Instructions for the task —
Quote from the first line below through the line that contains "O Kit Protetor", both included, and leave the pictures out.

========

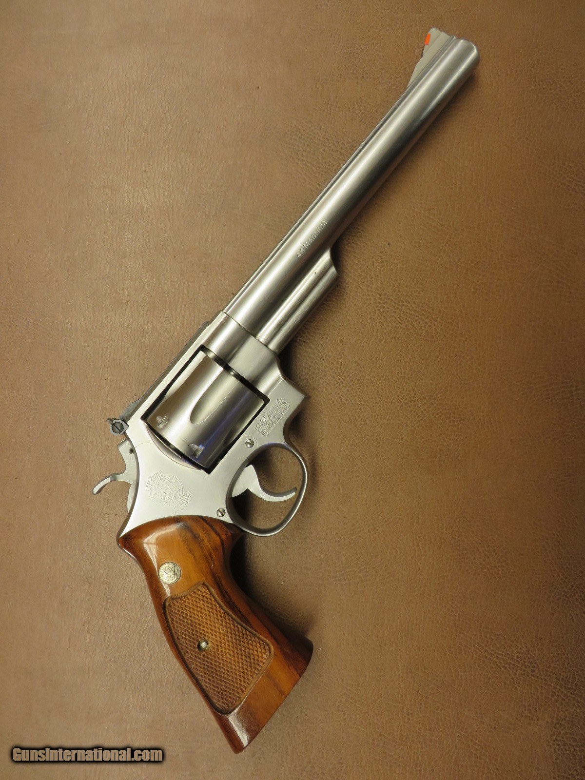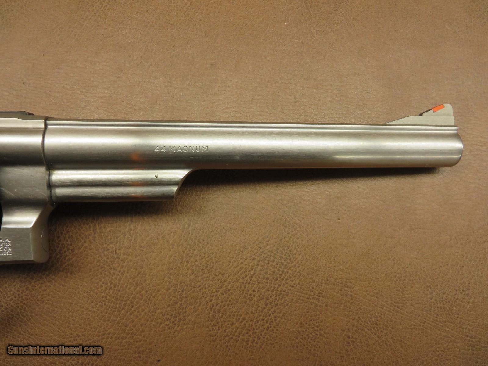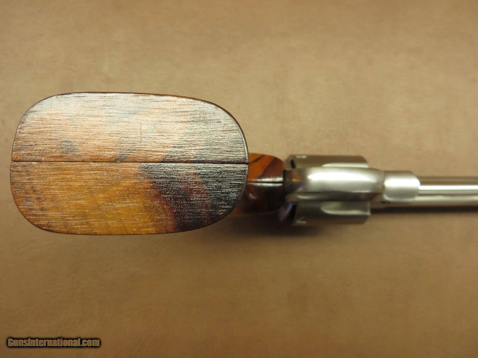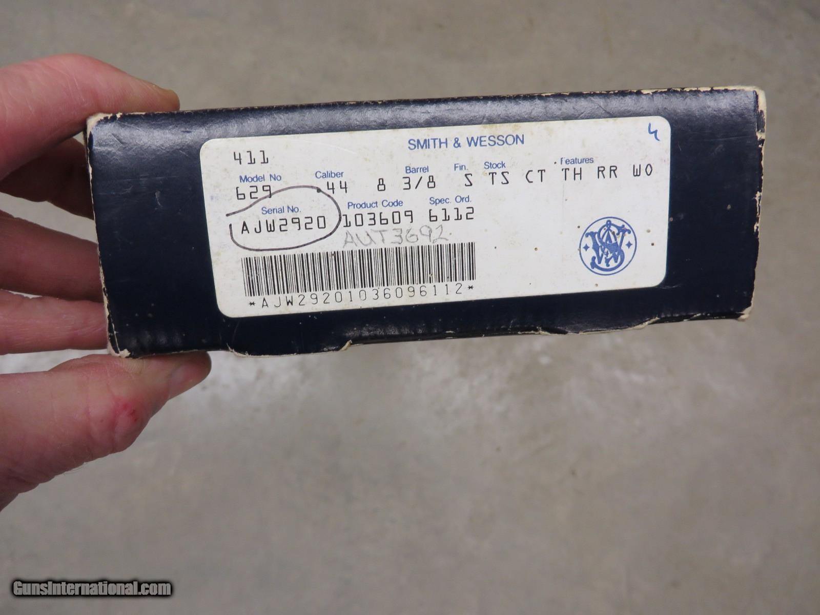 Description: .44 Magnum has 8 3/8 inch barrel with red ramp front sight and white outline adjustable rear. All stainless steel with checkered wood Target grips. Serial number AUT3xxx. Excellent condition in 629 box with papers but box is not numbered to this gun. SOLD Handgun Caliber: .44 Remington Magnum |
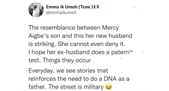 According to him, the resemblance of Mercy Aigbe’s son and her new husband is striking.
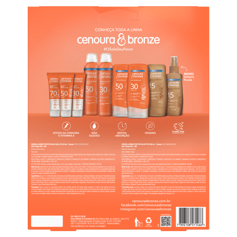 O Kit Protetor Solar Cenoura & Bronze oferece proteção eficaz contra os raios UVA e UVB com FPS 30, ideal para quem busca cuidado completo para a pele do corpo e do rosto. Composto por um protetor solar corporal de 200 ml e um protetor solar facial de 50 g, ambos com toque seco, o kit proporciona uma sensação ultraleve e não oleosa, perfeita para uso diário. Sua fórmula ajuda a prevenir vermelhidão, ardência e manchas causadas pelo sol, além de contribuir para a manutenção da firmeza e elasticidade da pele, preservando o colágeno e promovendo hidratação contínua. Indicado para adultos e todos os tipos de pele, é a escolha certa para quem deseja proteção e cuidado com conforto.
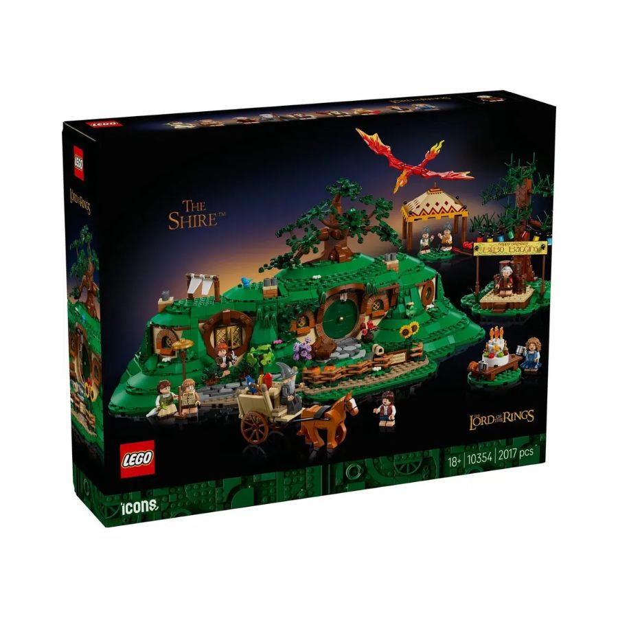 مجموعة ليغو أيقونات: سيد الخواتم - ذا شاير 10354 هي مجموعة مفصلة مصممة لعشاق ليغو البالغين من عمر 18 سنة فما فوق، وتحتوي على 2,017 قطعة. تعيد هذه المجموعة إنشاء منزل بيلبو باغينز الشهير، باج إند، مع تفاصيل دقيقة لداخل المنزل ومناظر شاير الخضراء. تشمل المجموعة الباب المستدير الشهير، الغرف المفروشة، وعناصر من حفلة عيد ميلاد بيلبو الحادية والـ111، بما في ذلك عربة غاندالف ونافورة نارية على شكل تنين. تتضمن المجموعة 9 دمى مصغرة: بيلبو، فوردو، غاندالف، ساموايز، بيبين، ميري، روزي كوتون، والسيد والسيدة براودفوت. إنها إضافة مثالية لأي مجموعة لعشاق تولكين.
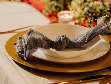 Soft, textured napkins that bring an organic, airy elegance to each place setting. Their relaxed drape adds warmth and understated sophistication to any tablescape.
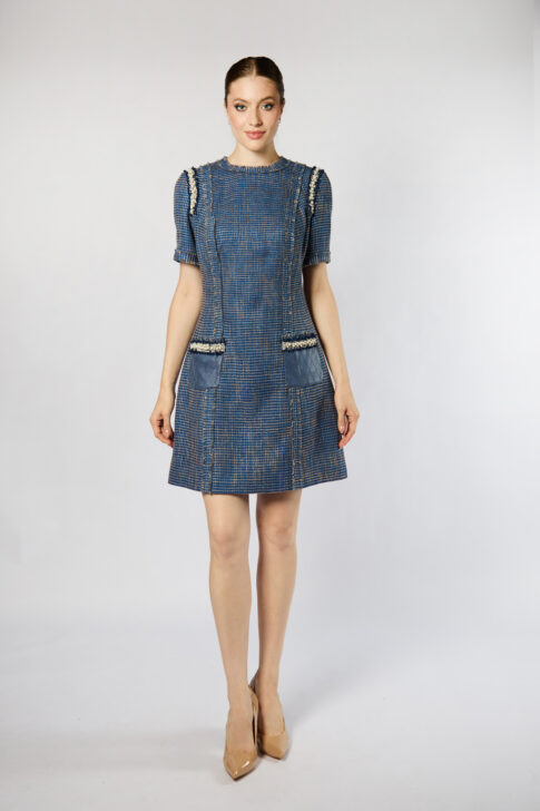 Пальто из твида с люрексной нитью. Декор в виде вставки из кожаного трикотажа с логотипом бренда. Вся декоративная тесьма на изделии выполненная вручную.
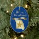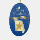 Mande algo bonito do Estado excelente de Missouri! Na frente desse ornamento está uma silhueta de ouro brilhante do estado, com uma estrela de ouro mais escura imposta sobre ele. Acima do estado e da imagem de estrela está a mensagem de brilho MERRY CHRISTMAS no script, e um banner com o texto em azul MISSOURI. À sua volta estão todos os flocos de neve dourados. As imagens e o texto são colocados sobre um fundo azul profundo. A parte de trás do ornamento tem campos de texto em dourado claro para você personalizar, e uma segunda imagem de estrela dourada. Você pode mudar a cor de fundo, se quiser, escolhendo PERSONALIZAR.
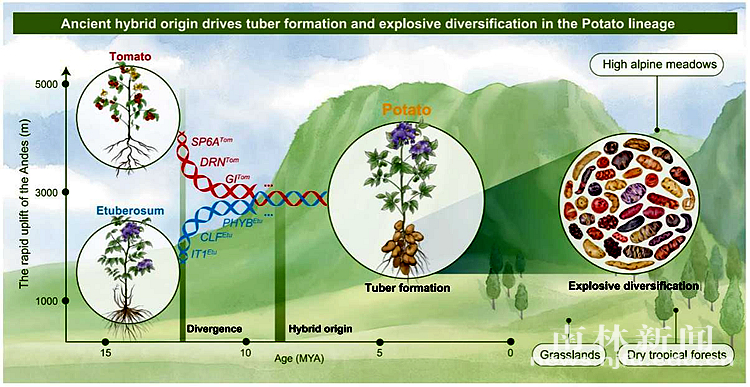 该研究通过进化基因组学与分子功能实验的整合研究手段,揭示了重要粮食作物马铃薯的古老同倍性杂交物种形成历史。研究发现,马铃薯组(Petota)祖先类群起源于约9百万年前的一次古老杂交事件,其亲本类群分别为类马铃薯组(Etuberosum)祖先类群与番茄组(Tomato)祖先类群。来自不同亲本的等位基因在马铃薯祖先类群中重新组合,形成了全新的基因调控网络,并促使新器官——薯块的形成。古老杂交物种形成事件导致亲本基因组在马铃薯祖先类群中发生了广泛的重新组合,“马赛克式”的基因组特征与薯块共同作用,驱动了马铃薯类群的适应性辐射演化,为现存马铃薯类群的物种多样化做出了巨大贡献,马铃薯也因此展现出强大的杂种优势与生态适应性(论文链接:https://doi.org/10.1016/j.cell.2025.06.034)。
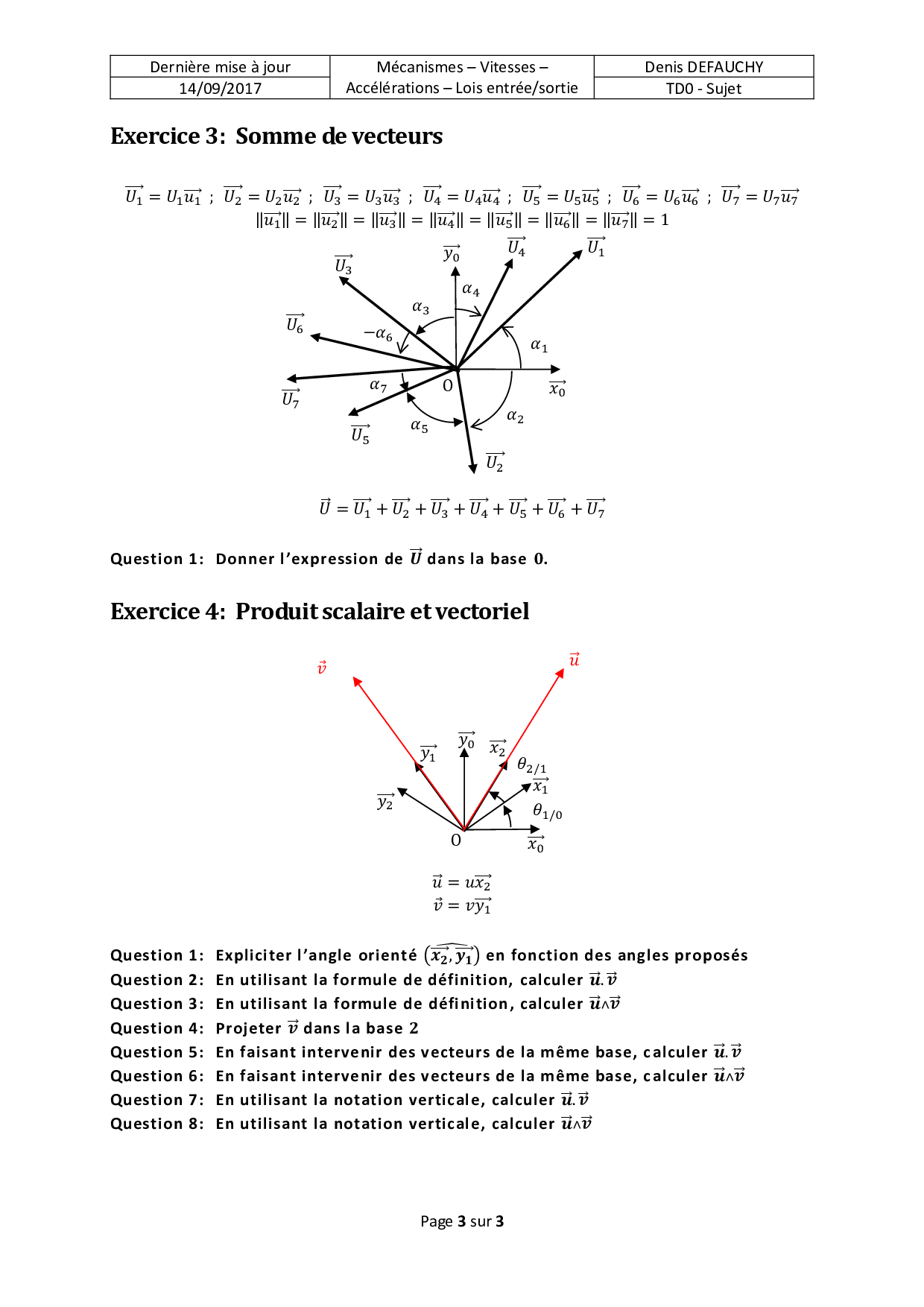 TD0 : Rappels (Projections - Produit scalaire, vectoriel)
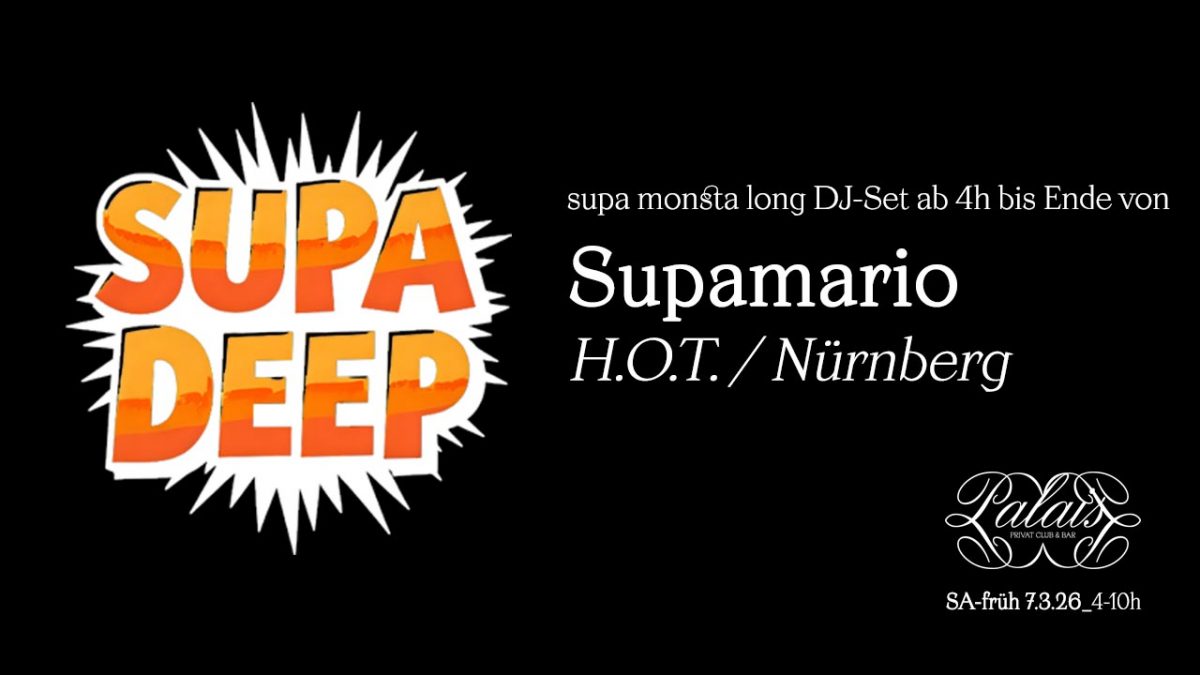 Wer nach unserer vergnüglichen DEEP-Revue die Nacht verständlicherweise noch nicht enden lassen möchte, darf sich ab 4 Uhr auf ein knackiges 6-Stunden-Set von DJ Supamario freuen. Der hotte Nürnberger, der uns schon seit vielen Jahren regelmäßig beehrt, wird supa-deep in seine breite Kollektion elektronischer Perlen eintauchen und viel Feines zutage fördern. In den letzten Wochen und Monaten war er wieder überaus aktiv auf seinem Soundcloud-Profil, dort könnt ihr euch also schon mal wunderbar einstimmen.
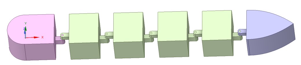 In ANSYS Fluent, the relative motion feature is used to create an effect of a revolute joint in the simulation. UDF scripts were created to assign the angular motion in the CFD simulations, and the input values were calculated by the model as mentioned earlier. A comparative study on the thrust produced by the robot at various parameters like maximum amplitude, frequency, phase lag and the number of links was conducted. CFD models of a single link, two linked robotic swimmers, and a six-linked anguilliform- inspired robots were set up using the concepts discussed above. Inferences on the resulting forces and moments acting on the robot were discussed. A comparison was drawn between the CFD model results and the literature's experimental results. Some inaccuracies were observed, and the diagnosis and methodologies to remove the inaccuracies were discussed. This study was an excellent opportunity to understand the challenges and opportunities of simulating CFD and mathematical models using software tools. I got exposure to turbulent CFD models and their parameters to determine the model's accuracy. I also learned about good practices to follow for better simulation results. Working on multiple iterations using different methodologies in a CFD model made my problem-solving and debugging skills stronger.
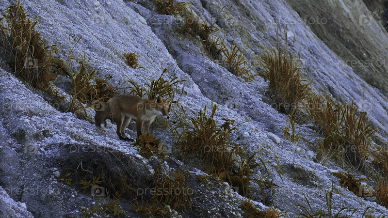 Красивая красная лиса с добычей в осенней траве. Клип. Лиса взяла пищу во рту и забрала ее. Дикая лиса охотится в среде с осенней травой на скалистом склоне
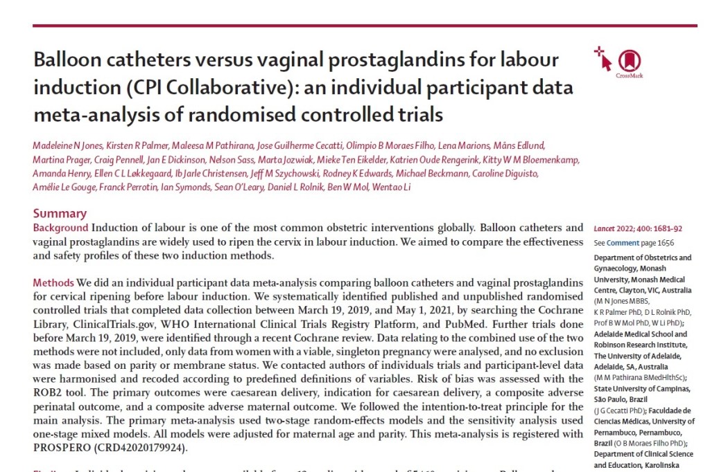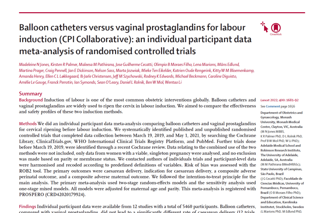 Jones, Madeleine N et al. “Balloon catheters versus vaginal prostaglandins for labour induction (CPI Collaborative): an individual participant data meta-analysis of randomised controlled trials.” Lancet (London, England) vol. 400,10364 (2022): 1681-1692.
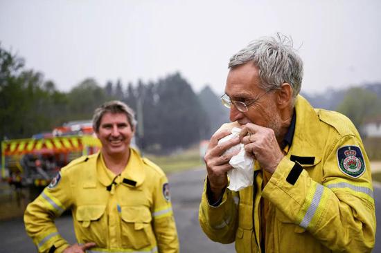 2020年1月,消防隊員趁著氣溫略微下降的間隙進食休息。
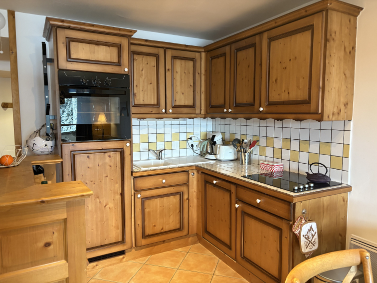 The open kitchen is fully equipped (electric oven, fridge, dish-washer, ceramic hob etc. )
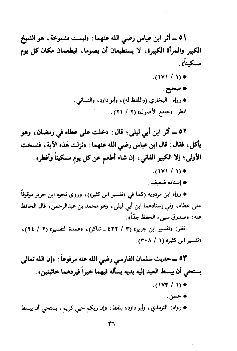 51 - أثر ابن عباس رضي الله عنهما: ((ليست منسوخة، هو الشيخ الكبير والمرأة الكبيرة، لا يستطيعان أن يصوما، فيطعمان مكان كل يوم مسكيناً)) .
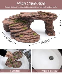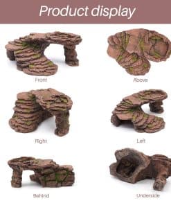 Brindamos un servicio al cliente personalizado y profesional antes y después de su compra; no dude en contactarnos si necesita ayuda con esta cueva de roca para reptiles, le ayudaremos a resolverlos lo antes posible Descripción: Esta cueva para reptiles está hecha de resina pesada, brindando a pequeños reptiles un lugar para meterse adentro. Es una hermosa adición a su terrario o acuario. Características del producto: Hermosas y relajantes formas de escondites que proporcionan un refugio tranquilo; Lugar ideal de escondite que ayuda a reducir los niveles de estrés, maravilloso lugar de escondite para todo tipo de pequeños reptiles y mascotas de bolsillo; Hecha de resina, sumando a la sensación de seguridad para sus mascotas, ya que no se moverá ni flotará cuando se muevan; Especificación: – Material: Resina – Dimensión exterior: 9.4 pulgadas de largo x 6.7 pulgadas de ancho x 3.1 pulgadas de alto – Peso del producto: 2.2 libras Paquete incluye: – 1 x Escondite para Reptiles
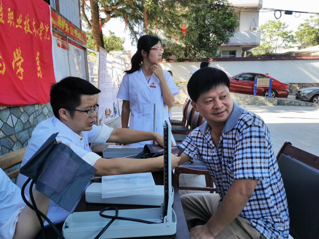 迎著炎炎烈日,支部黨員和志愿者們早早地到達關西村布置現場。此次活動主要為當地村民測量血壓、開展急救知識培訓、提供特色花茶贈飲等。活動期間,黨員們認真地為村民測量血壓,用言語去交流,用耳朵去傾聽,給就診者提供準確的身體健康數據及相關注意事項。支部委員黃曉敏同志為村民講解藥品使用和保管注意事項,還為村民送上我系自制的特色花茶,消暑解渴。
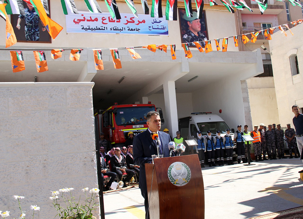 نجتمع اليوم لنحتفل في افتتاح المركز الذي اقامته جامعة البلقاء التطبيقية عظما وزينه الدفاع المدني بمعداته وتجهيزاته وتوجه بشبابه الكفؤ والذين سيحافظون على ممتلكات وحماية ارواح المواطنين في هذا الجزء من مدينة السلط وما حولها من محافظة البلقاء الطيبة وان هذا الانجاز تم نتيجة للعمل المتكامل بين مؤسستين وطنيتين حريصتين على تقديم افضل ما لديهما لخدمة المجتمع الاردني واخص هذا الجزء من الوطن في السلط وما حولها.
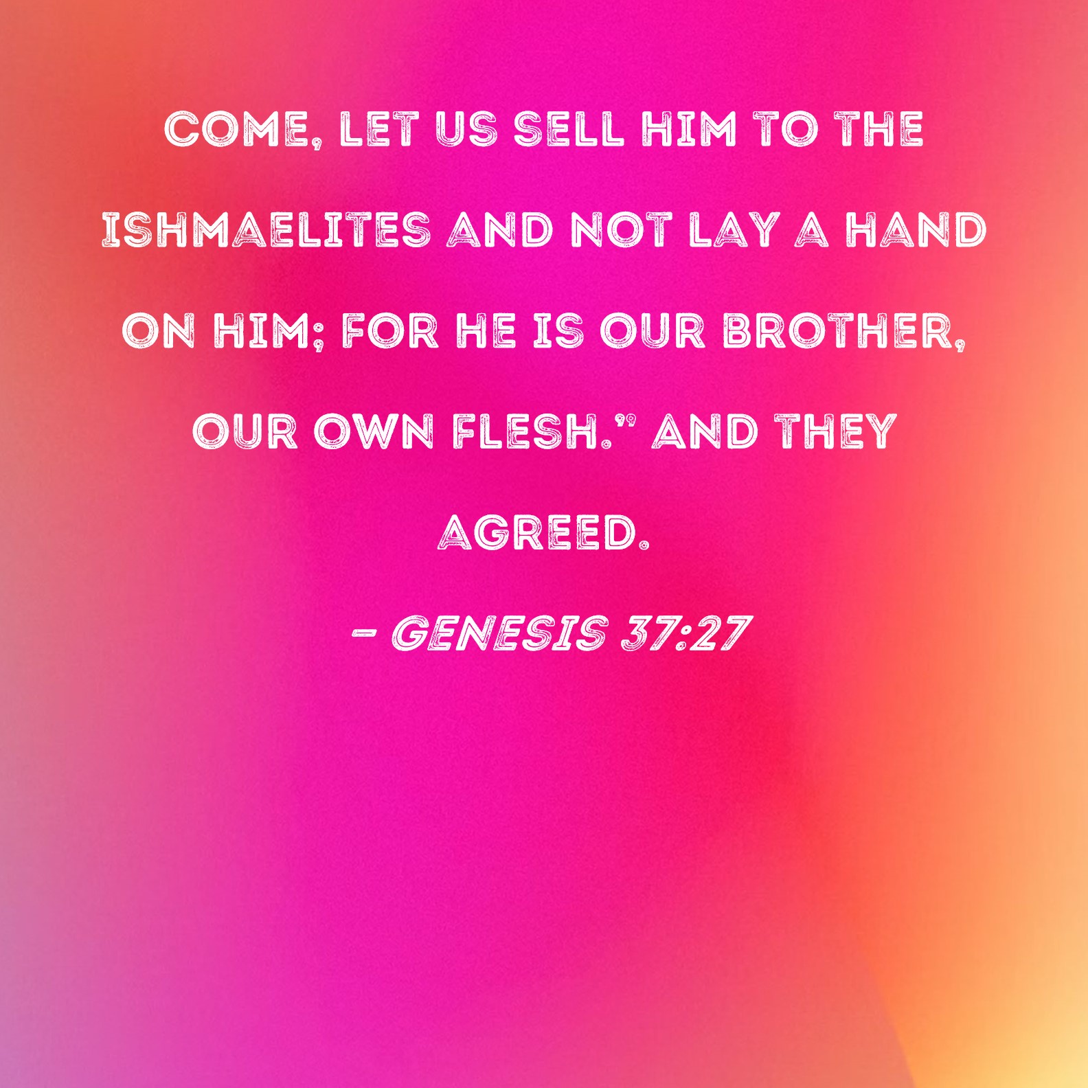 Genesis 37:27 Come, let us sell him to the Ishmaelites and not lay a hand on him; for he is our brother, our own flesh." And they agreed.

========

Task answer —
 Description: .44 Magnum has 8 3/8 inch barrel with red ramp front sight and white outline adjustable rear. All stainless steel with checkered wood Target grips. Serial number AUT3xxx. Excellent condition in 629 box with papers but box is not numbered to this gun. SOLD Handgun Caliber: .44 Remington Magnum |
 According to him, the resemblance of Mercy Aigbe’s son and her new husband is striking.
 O Kit Protetor Solar Cenoura & Bronze oferece proteção eficaz contra os raios UVA e UVB com FPS 30, ideal para quem busca cuidado completo para a pele do corpo e do rosto. Composto por um protetor solar corporal de 200 ml e um protetor solar facial de 50 g, ambos com toque seco, o kit proporciona uma sensação ultraleve e não oleosa, perfeita para uso diário. Sua fórmula ajuda a prevenir vermelhidão, ardência e manchas causadas pelo sol, além de contribuir para a manutenção da firmeza e elasticidade da pele, preservando o colágeno e promovendo hidratação contínua. Indicado para adultos e todos os tipos de pele, é a escolha certa para quem deseja proteção e cuidado com conforto.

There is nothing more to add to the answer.